### AIM OF THE EXERCISE
Everything in the data below is left aside except the lines from the one containing "- [線のスタイル]を選択します。" through the one containing "はい、カセットコンロ用のボン"; repeat those exactly.

--- SOURCE INFORMATION ---

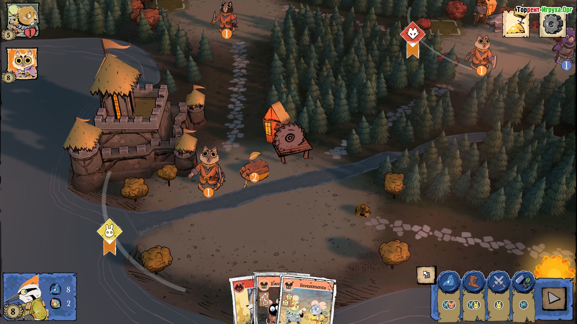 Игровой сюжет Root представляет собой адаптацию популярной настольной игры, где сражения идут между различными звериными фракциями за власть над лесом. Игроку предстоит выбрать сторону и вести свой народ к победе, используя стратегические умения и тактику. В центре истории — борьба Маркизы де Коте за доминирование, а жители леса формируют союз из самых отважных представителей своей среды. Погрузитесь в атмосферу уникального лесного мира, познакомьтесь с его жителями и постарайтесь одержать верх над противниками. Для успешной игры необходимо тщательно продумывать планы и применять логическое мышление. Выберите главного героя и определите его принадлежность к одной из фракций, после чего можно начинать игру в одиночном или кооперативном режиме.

---
--- SOURCE INFORMATION ---

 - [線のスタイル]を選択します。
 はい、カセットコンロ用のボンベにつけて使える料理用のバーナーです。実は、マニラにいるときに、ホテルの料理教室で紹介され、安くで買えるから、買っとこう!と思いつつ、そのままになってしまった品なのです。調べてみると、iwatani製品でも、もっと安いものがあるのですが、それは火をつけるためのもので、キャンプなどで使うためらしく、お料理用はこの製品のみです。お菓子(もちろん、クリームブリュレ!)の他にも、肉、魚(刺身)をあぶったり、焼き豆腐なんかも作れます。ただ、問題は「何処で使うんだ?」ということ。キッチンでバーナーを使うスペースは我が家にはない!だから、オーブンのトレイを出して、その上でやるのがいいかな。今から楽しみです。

---

### RESPONSE TO THE EXERCISE
 - [線のスタイル]を選択します。
 はい、カセットコンロ用のボンベにつけて使える料理用のバーナーです。実は、マニラにいるときに、ホテルの料理教室で紹介され、安くで買えるから、買っとこう!と思いつつ、そのままになってしまった品なのです。調べてみると、iwatani製品でも、もっと安いものがあるのですが、それは火をつけるためのもので、キャンプなどで使うためらしく、お料理用はこの製品のみです。お菓子(もちろん、クリームブリュレ!)の他にも、肉、魚(刺身)をあぶったり、焼き豆腐なんかも作れます。ただ、問題は「何処で使うんだ?」ということ。キッチンでバーナーを使うスペースは我が家にはない!だから、オーブンのトレイを出して、その上でやるのがいいかな。今から楽しみです。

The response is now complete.